Predicting Species Abundance from Environmental Suitability
Published:
Problem
Conservation and land-use planning require maps of abundance, not just where a species can occur. Traditional surveys are expensive and spatially limited; presence-only data are abundant but lack counts.
Goal: Build a reproducible, data-driven workflow that predicts continuous abundance from environmental suitability, using ensemble machine learning to combine multiple niche modelling algorithms and link them to observed counts.
Approach
1) Data acquisition & wrangling
- Integrated large-scale presence-only data, count surveys, and high-resolution climate/topography layers.
- Cleaned, standardised, and processed data for 23 focal species across tropical systems.
- Automated feature extraction and alignment across spatial grids.
2) Suitability modelling (multi-algorithm ensemble)

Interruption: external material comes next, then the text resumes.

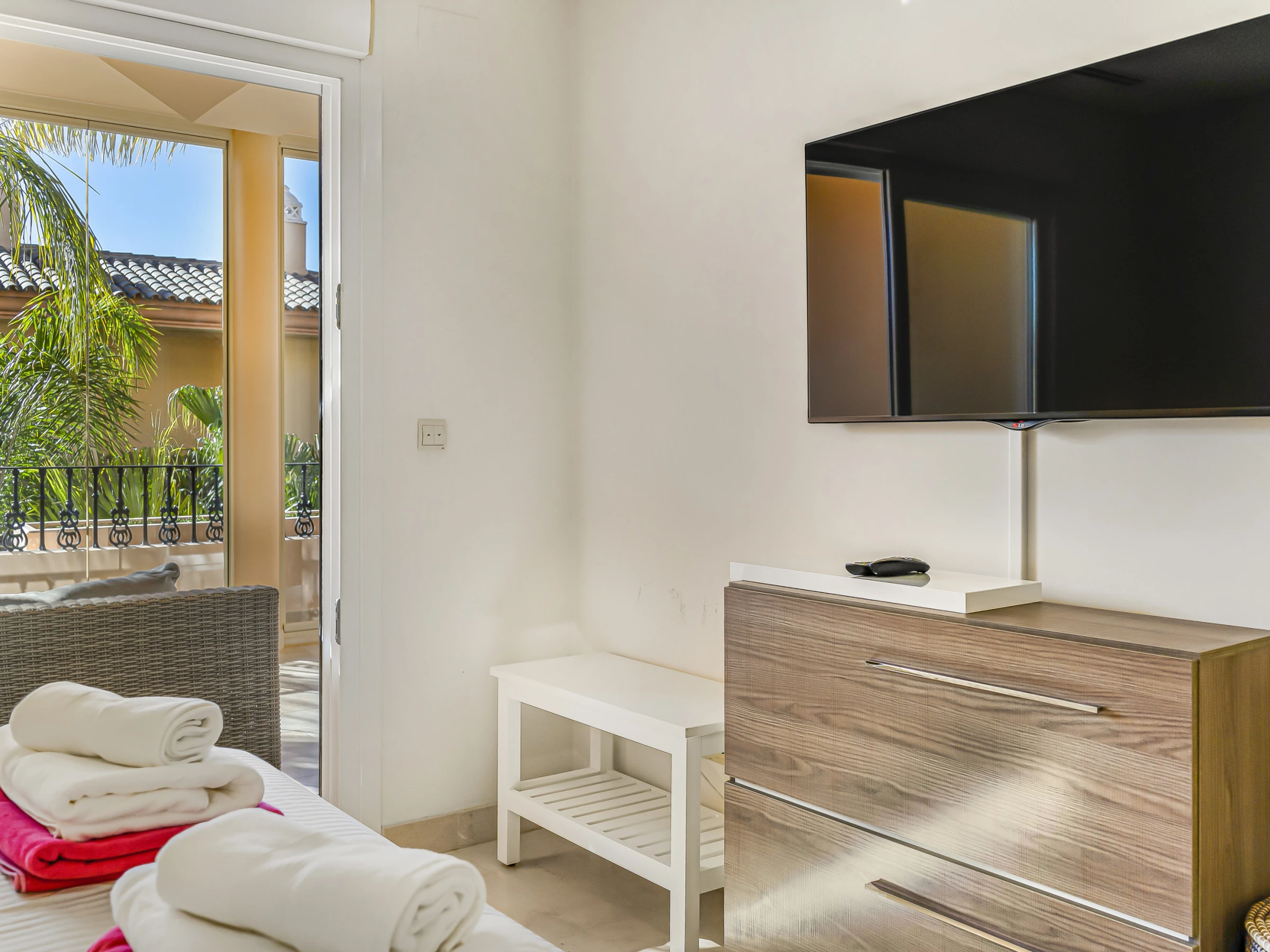 This superb ground floor apartment in the Vista Real community features a wonderful bright terrace and high-quality accommodation for four persons. The location in the hills surrounding the prestigious Golf Valley is perfect for holidays, with quick access by car to the best golf courses, beaches and hot spots along Marbella's coast. There are excellent restaurants within a few minutes’ drive and shops and supermarkets are all close by.

- Trained individual models using:
- Surface Range Envelope (SRE)
- Classification Tree Analysis (CTA)
- Random Forest (RF)
- Multivariate Adaptive Regression Spline (MARS)
- Flexible Discriminant Analysis (FDA)
- MaxEnt
- Generalised Additive Models (GAM)
- Generalised Boosted Regression Models (GBM)
- Artificial Neural Networks (ANN)
- Combined predictions into an ensemble suitability surface for each species.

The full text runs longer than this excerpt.